April rose to the challenge. Never was there such an ill-behaved month. For some bizarre reason my Amazon account reset to Spanish. Do you know how hard it is track orders and make changes to your account settings in a language that you don’t read well? Then email in Italian began arriving. Someone tried to hack into my PayPal account, setting off a flurry of new password and security settings on my part. Then my Facebook feed was flooded with pictures of… owls.

Umm… the universe wants me to learn a new language? Maybe the next BioGeek post should be about owls? This is really strange. April was getting off to a rocky start…

I kept struggling with my health as the month advanced, taking care of essential items in preparation for months of difficulty ahead if I was moved into a 6-month course of chemo. I filed my taxes. I took Matao in for his vaccinations. I filed the paperwork to be excused from jury duty. I got the last vaccine I needed (shingles) before the surgery. A neighbor installed the new outdoor lighting that I had purchased before Christmas, and another neighbor will arrange with her grandkids to take care of my lawn. I ordered more oxygen cannulas, and in keeping with April craziness, 4 cases of tubing arrived instead. I made arrangements to be tested for a portable oxygen unit… first appointment is in June. April, you are killing me here! One of the side windows of the car shattered without warning. I continued to get sicker. I was sick and tired of April, too!

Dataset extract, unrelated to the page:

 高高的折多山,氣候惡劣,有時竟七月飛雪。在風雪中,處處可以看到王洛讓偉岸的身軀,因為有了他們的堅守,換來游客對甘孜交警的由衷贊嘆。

My wild bunny moved into the front yard where I could see it each time I went out of the garage. Very used to me now, it never runs away when I go outside. Bunny support on sad days.

As the month wore on, I began to sleep a lot. Like 10-12 hours a night. I had to use oxygen during the daytime. I was losing weight. I wrote my doctors an email towards the middle of the month telling them that I felt that I was declining, and that I was worried it was taking too long to begin treatment. I was scheduled for a series of additional tests and had appointments with the pulmonologist and the cardiologist. Oh, good, April. Now I have to drive all over town without portable oxygen.

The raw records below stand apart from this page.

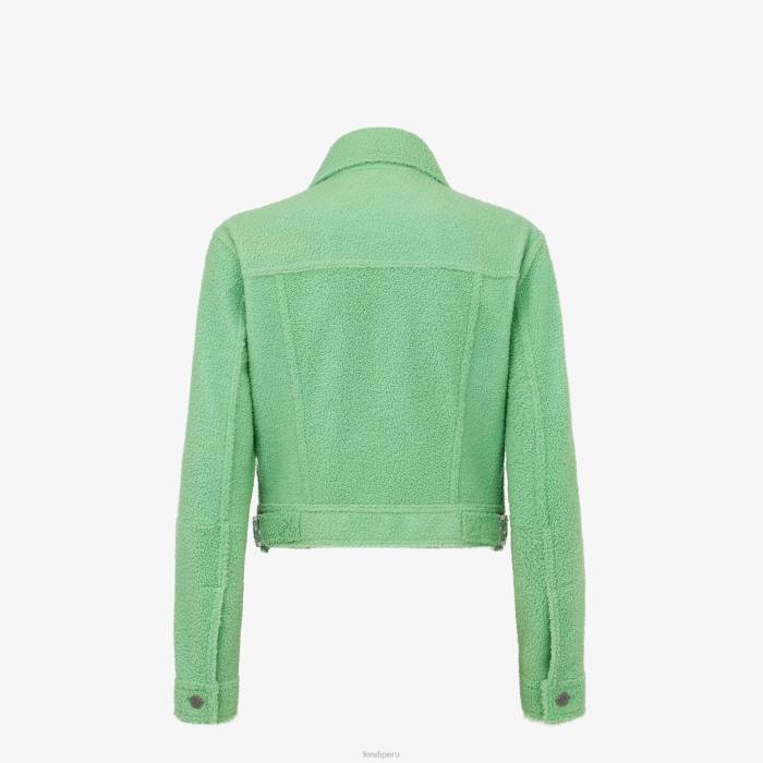 Chaqueta corta con cuello camisero y bolsillos en el pecho. Mangas largas ligeramente caídas. cierre de cremallera frontal con tirador de cremallera Fendi O’lock. Confección en borrego extrafino verde neón de textura suave y ligera.
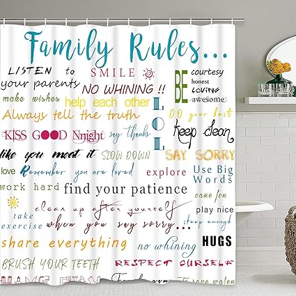 Family Rules Educational Shower Curtain With 12 Hooks Motivational And Inspirational Quotes Shower Curtain For Bathroom Waterproof
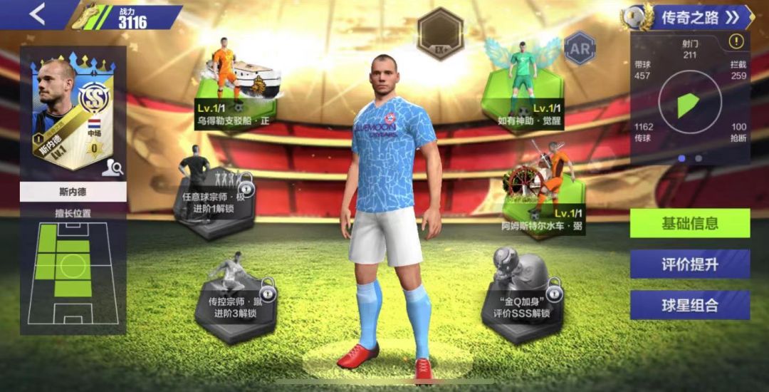 国米拥有1个超级巨星,1个周年限定巨星,3个普通巨星,5个探索,这就占据了10个位置,超豪华的阵容配置。

How to respond to a worsening situation that I have no control over? I bought happy new shoes in an outrageous color.

These are the shoes that are going to walk me into the hospital!!

And then I cast on new socks that would do the shoes proud.

This yarn’s name is “Squad Goals” and dyed by Hue Loco.

The results from the heart, lung, and kidney testing came back and they all showed that… I was getting worse. My doctors conferenced back and forth, debated different treatment modifications, and came to the consensus opinion that I should have the biopsy done May 2nd. I got that email late on Friday before the surgery. Checking the physician notes attached to my last appointment I found the full text of all the test results and the email chain of discussion between my doctors. I felt very lucky: what a great team! How good I feel that the decisions about drugs and treatment is being arrived at through this interdisciplinary collaboration by my doctors, who have chosen to make this all visible to me. Knowing that, however, did not change the fact that the upcoming surgery is now a little risky.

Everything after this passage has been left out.